▶ Task details
When you copy the records that follow, please keep every word exactly as it is and leave out the pictures.

════

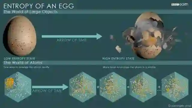 我们无法目睹破碎的鸡蛋恢复如初,这是因为存在着无数中排布这些鸡蛋碎片的方式,而其中几乎所有的排布方式最终的结果都是一个破碎的鸡蛋而不是一个完整的鸡蛋。相似的,融化的冰不会倒回去,点燃的火柴不会倒回去,你擦伤的膝盖也不会倒回去。
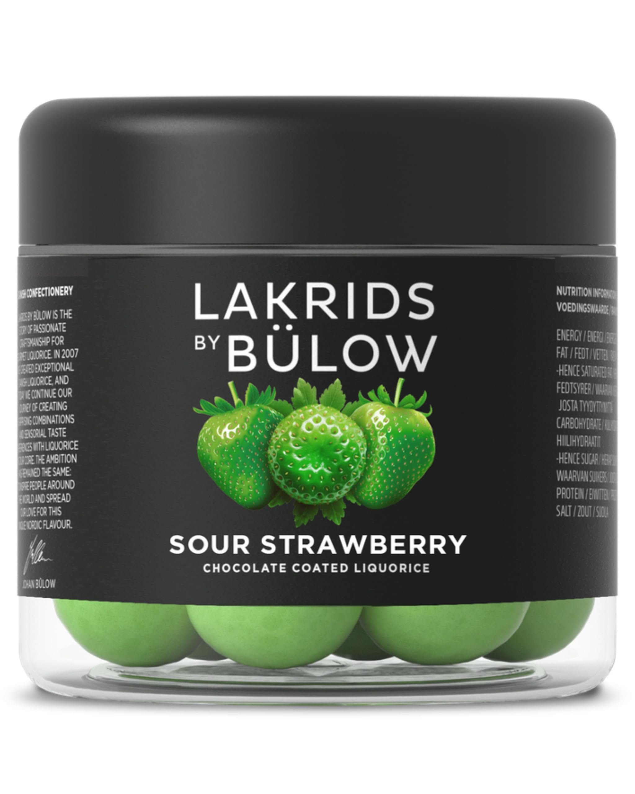UNSERE MISSION - Wir begeistern die Welt für Lakritze!. GLUTENFREI OHNE GELATINE - Wir kochen unsere Lakritze mit Reismehl und verwenden keine Gelatine. Damit ist sie zu 100 glutenfrei und kann von allen unbeschränkt vernascht werden. VERANTWORTUNGSVOLL PRODUZIERT - Wir kochen die Lakritze in unserer Fabrik in Kopenhagen, wo 100 des Energieverbrauchs durch Windenergie gedeckt wird. HERGESTELLT IN DÄNEMARK - Wir beziehen alle unsere Zutaten von den besten Lieferanten aus Dänemark und der ganzen Welt. SOUR STRAWBERRY - Rote Lakritze überzogen mit weißer Schokolade und einer knusprigen Zuckerhülle .
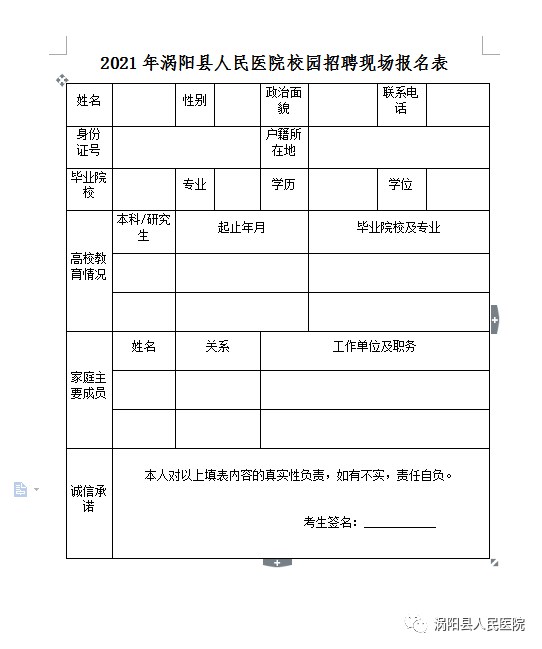 报名地点:涡阳县人民医院人力资源部或发送个人简历到841940726@qq.com邮箱。
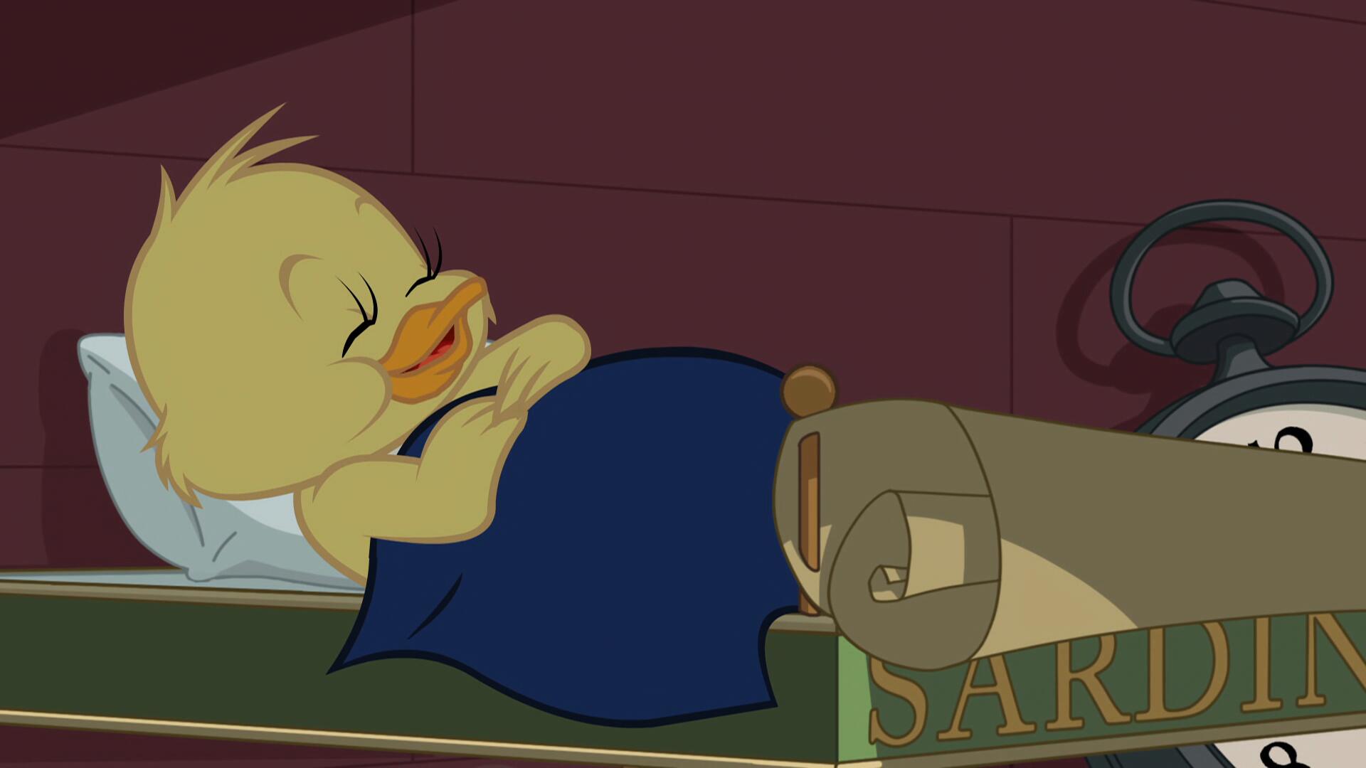 Джери ще пази малкото пате от Том. Ще спят в кучешката колиба и Спайк се съгласява. Но патето ходи насън. Ще го спасят ли от нощните опасности?
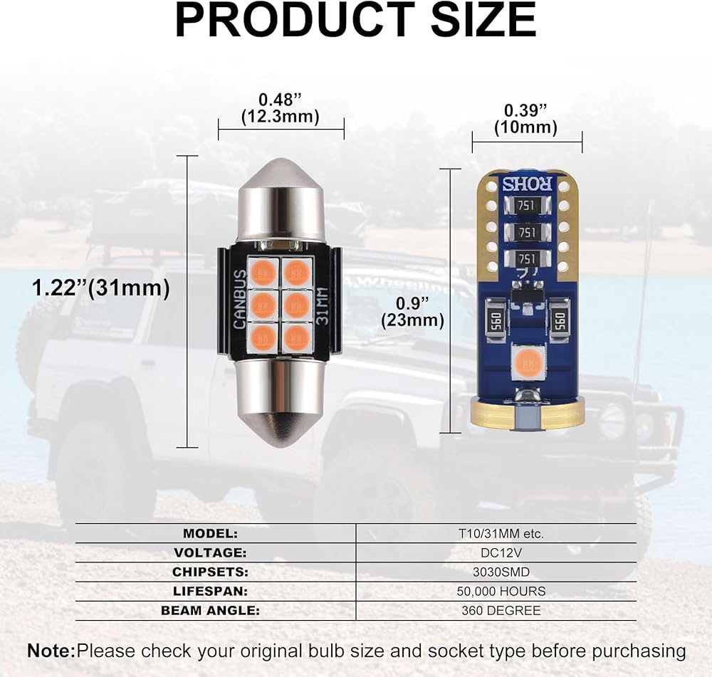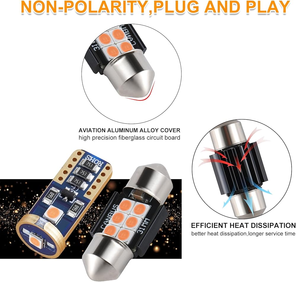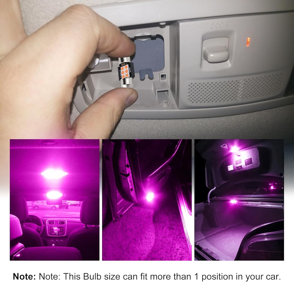 Application: License plate Lights, Side Door Courtesy Lights, Interior Map Lights, Vanity Mirror Lights, Dome Lights, Parking Lights, City Lights, Cargo Lights, Corner Lights, Trunk lights etc. This Bulb size can fit more than 1 position in your car.

════

▶ Task response
 我们无法目睹破碎的鸡蛋恢复如初,这是因为存在着无数中排布这些鸡蛋碎片的方式,而其中几乎所有的排布方式最终的结果都是一个破碎的鸡蛋而不是一个完整的鸡蛋。相似的,融化的冰不会倒回去,点燃的火柴不会倒回去,你擦伤的膝盖也不会倒回去。
UNSERE MISSION - Wir begeistern die Welt für Lakritze!. GLUTENFREI OHNE GELATINE - Wir kochen unsere Lakritze mit Reismehl und verwenden keine Gelatine. Damit ist sie zu 100 glutenfrei und kann von allen unbeschränkt vernascht werden. VERANTWORTUNGSVOLL PRODUZIERT - Wir kochen die Lakritze in unserer Fabrik in Kopenhagen, wo 100 des Energieverbrauchs durch Windenergie gedeckt wird. HERGESTELLT IN DÄNEMARK - Wir beziehen alle unsere Zutaten von den besten Lieferanten aus Dänemark und der ganzen Welt. SOUR STRAWBERRY - Rote Lakritze überzogen mit weißer Schokolade und einer knusprigen Zuckerhülle .
 报名地点:涡阳县人民医院人力资源部或发送个人简历到841940726@qq.com邮箱。
 Джери ще пази малкото пате от Том. Ще спят в кучешката колиба и Спайк се съгласява. Но патето ходи насън. Ще го спасят ли от нощните опасности?
 Application: License plate Lights, Side Door Courtesy Lights, Interior Map Lights, Vanity Mirror Lights, Dome Lights, Parking Lights, City Lights, Cargo Lights, Corner Lights, Trunk lights etc. This Bulb size can fit more than 1 position in your car.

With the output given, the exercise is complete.